_INSTRUCTIONS TO FOLLOW_
In the listing below, locate the line containing "Level adjustment allows" and the line containing "Oberösterreich und Linz". Output both of them and every line between, exactly as written, and nothing more.

_MATERIAL SHOWN_
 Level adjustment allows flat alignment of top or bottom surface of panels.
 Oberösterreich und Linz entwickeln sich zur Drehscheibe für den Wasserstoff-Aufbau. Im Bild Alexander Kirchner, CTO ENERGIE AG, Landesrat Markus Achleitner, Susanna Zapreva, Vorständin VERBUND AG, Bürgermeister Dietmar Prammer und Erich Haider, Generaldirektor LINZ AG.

* * *

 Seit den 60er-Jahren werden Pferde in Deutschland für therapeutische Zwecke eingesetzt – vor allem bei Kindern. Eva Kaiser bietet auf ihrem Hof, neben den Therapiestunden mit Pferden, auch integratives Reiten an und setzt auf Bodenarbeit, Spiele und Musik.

...

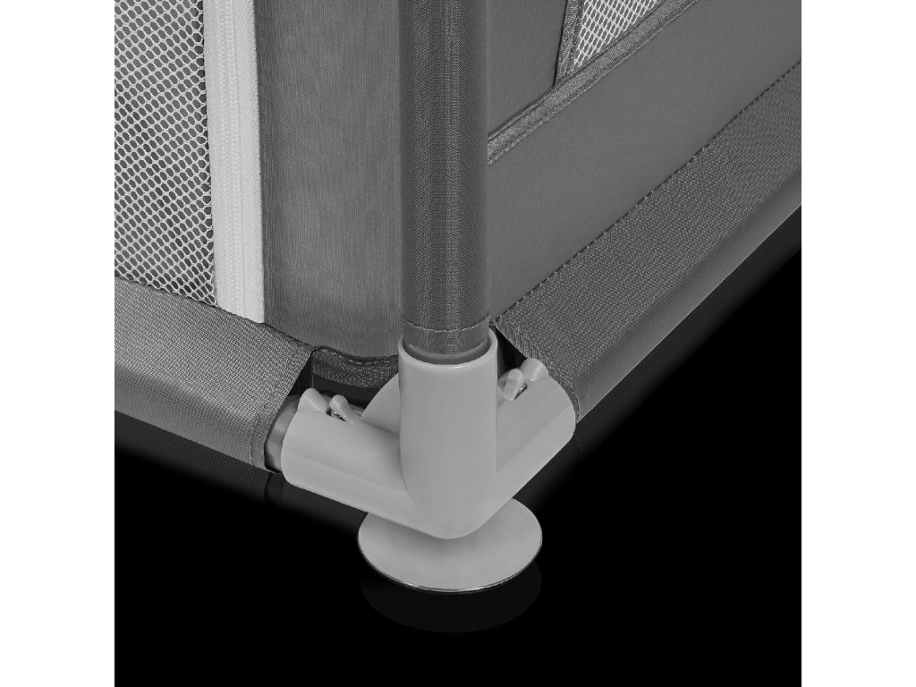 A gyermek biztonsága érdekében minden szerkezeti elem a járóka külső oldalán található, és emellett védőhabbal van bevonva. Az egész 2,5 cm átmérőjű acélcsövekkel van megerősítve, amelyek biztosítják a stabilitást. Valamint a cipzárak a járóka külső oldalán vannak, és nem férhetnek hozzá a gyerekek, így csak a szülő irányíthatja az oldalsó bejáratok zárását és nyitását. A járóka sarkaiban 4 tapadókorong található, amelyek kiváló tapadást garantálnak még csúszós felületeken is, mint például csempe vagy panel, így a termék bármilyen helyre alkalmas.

_ANSWER BELOW_
 Level adjustment allows flat alignment of top or bottom surface of panels.
 Oberösterreich und Linz entwickeln sich zur Drehscheibe für den Wasserstoff-Aufbau. Im Bild Alexander Kirchner, CTO ENERGIE AG, Landesrat Markus Achleitner, Susanna Zapreva, Vorständin VERBUND AG, Bürgermeister Dietmar Prammer und Erich Haider, Generaldirektor LINZ AG.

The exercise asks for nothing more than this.